Then and now: How Trump impeachment hearing is differentBreaking News
tags: impeachment, Trump, hearings
The public impeachment inquiry hearings this week usher in a rare and momentous occasion in American history as Congress debates whether to remove a president from office.
There are consistencies in the process — televised hearings, partisan rancor and memorable speeches — but each impeachment process also stands alone as a reflection of the president, the Congress and the times.

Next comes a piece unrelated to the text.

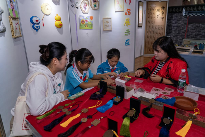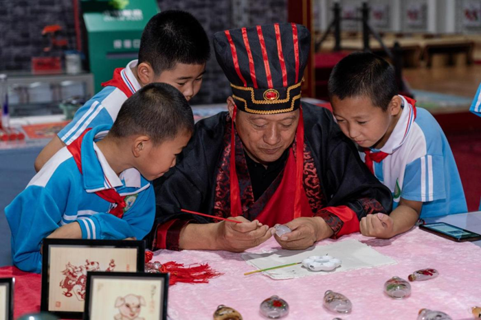 9月26日,在天津市传统文化研学基地,志愿者正在向小朋友们介绍内画鼻烟壶的传统技艺。新华网 钟奕 摄
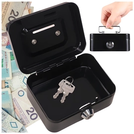 Metalowa kasetka na pieniądze z zamkiem i funkcją skarbonki – czarna mini sejf 8,5×11,5×5,5 cm

Even if the two most recent impeachment proceedings — against Presidents Richard Nixon and Bill Clinton — offer instructive clues about the path ahead, there are notable differences in the case surrounding Donald Trump.
A look at then and now:
THEN: During the Clinton impeachment, the House held no serious hearings because the independent counsel, Kenneth Starr, had delivered dozens of boxes of evidence with recommendations for charges. Even during the Nixon proceedings decades earlier, lawmakers were considering evidence gathered through months of investigations by specially appointed prosecutors — first Archibald Cox and later Leon Jaworski. In both cases, the impeachment proceedings followed extensive law enforcement investigations.
NOW: The House Intelligence Committee has taken on the primary role of assembling a case against Trump, with no supplemental Justice Department investigation. These impeachment proceedings are unfolding simultaneous to the investigation itself.